Prime Minister Starmer, ‘You must be joking!’
There are moments when events in London reveal more about the nature of a foreign threat than any speech delivered abroad. Such a moment came when the Islamic Centre of England – a UK-registered charity – held a vigil for Ayatollah Ali Khamenei, referring to him as “our leader” and “a great martyr.” These were not careless words. They were chosen deliberately. They were spoken publicly, under the protection of British law, within an institution granted the privileges and legitimacy of charitable status.
This incident did not occur in isolation. Earlier this week, the We Believe Alliance delivered an official parliamentary briefing at Westminster calling for the formal proscription of the Islamic Revolutionary Guard Corps (IRGC) and the Muslim Brotherhood under the Terrorism Act 2000. The briefing set out in clear terms that the IRGC represents the primary external instrument of the Iranian regime and poses a direct and ongoing threat to British national security. The vigil at the Islamic Centre of England illustrates precisely why such action is necessary.
The IRGC operates under the authority of the Supreme Leader. It is not a conventional military force. It is an ideological and operational apparatus designed to project influence beyond Iran’s borders. Through its Quds Force and affiliated networks, it directs proxy organisations, sustains covert intelligence structures, and conducts influence and intimidation operations designed to silence critics and extend the regime’s reach.
Its activities have reached Britain.
British security services have confirmed multiple Iranian-linked plots targeting individuals on UK soil, including journalists, dissidents, and others who sought refuge under British protection. These operations involved surveillance, threat activity, and credible assassination planning. Such actions were not theoretical exercises. They were active operations conducted within British jurisdiction.
The IRGC’s methods extend beyond physical threat. It operates through influence networks, financial channels, ideological platforms, and institutional proxies. It uses intimidation to silence opposition. It leverages cultural and religious infrastructure to extend its reach. It cultivates networks capable of monitoring, pressuring, and isolating those who oppose the regime.
This is the apparatus commanded by the man honoured at the Islamic Centre of England.
To refer to Khamenei as “our leader” in London is not merely an expression of personal belief. It is a declaration of allegiance to a foreign political authority whose security structures have demonstrated both intent and capability to operate against British interests and individuals under British protection.
The We Believe Alliance briefing warned Parliament that the absence of proscription creates a structural vulnerability.
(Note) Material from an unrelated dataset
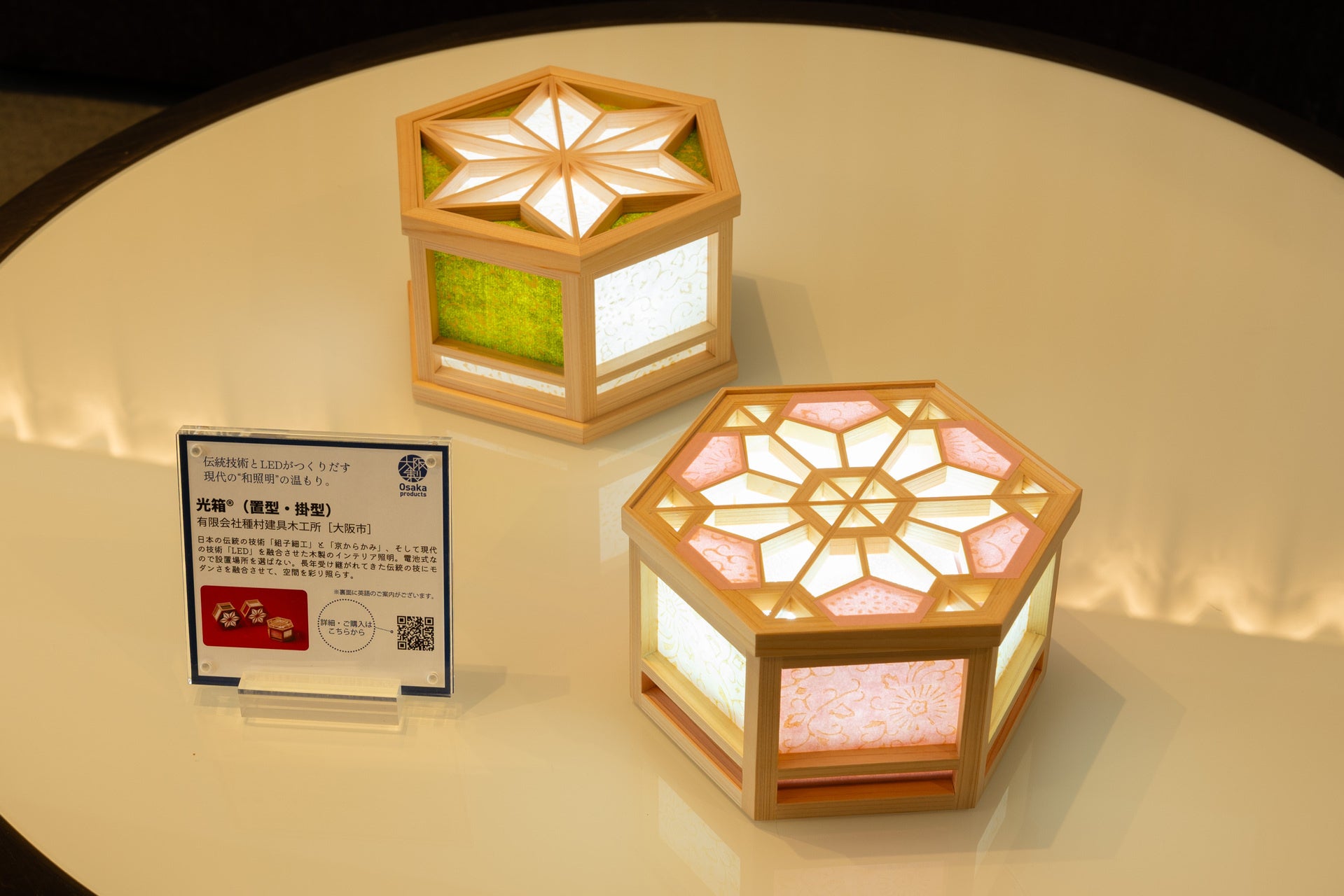 ホテルグランヴィア大阪27階の高品質客室階「グランヴィアフロア」専用のラウンジ内にも、共和鋼業株式会社の「amiMono(アミモノ)ラック」、株式会社トライアードの「OMOSHIROI BLOCK」、有限会社種村建具木工所の「花組子®ライト」を、2025年4月から6月の3ヶ月間展示しております。

Without formal designation, the IRGC is able to sustain influence networks indirectly, benefiting from legal ambiguity that restricts the ability of authorities to dismantle organisational infrastructure before it matures into operational threat. Proscription would provide law enforcement and intelligence services with the necessary legal authority to disrupt recruitment, prevent support activity, and dismantle networks aligned with the organisation.
The events at the Islamic Centre of England bring that vulnerability into sharp focus.
Britain has long extended protection to those fleeing persecution. Thousands of Iranians rebuilt their lives here after escaping repression under the very regime Khamenei led. For them, the IRGC is not an abstract institution. It is the instrument through which intimidation, imprisonment, and violence were enforced. To see its supreme authority honoured within a British charity demonstrates how far the regime’s ideological reach extends – and how urgently that reach must be addressed.
Charitable status carries responsibilities. It confers legitimacy and public trust. It exists to serve the public good within the United Kingdom. It cannot serve as a platform for allegiance to a foreign political authority whose apparatus has targeted British residents and undermined British sovereignty.
The We Believe Alliance’s parliamentary briefing recognised this reality. It called for proscription not as a symbolic gesture, but as a necessary step to protect the United Kingdom’s national security and institutional integrity.
The vigil at the Islamic Centre of England has now underscored that warning. It has made visible what was already understood within Britain’s security establishment: that the ideological and operational structures of the Iranian regime do not stop at Iran’s borders.
The question now is whether Britain will act with the clarity required to defend its own sovereignty – or continue to allow legal ambiguity to provide cover for institutions aligned with hostile power structures.
National security depends not only on intelligence and enforcement, but on legal clarity. Parliament now has before it both the evidence and the means to act.